Mr. JESSE RICHARDSON: We've stayed at home more now than we've ever done before because of gas and hotels. Or if we decided to go, we were in the hole for a little while because of it. But we can't stay away. It's kind of hard, you know, to stay away from powwows because this is what we do. This is what we're about.

BEAR: The economy hasn't only been rough on dancers and singers at powwows. People make a living by selling crafts to spectators. Yellow Two Horse drives his jewelry and art to about 30 powwows a year. He used to make a decent living. Not this year.

Mr. YELLOW TWO HORSE (Native American, Haliwa-Saponi Tribe): Because I went to a couple where after my expenses, travel, rent, pay my health, cost of goods, eat, I lost money.

BEAR: Yellow Two Horse says his business is off 30 to 50 percent, so sometimes he goes to street fairs and flea markets instead. Powwow participation is down across the country, save for a few large events. People say they can't afford to go unless they win competitions.

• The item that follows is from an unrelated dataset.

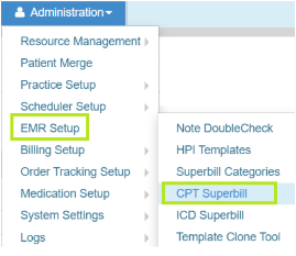 Once you have set up the outgoing referral panel, you can add it to the superbill for ease of selection in the EMR note by going to Administration > EMR Setup > CPT Superbill.

Unidentified Man: And folks, your champions this year at our 34th annual event for the drum competition...

BEAR: Tyler Richardson is hot and tired after a long day of dancing. He's traded his feathers for a cool white tank top. But he's not ready to leave. He listens eagerly as the MC announces the winners.

Unidentified Man: Now, go to the male category, junior men's traditional. In third place, Tyler Richardson.

BEAR: Tyler wins $150. He gets to keep it, but his parents put their winnings towards expenses. They took home about $700. Jesse Richardson says he can't count on winning every time, but it's worth the risk to see his sons dance.

Mr. JESSE RICHARDSON: These boys, they look good out there, and they always get compliments. Everybody is just, hey, them boys right there, they're going to be bad when they get older! You know, they're going to be tough to beat, you know, in a contest. It gets really positive, you know, for them. And I'd like to keep it that way.

BEAR: That'll be difficult. Powwows are among the few places for families like the Richardsons to dance and sing. They need these events. But as the economy struggles, Native Americans worry about the future of this tradition. Charla Bear, NPR News.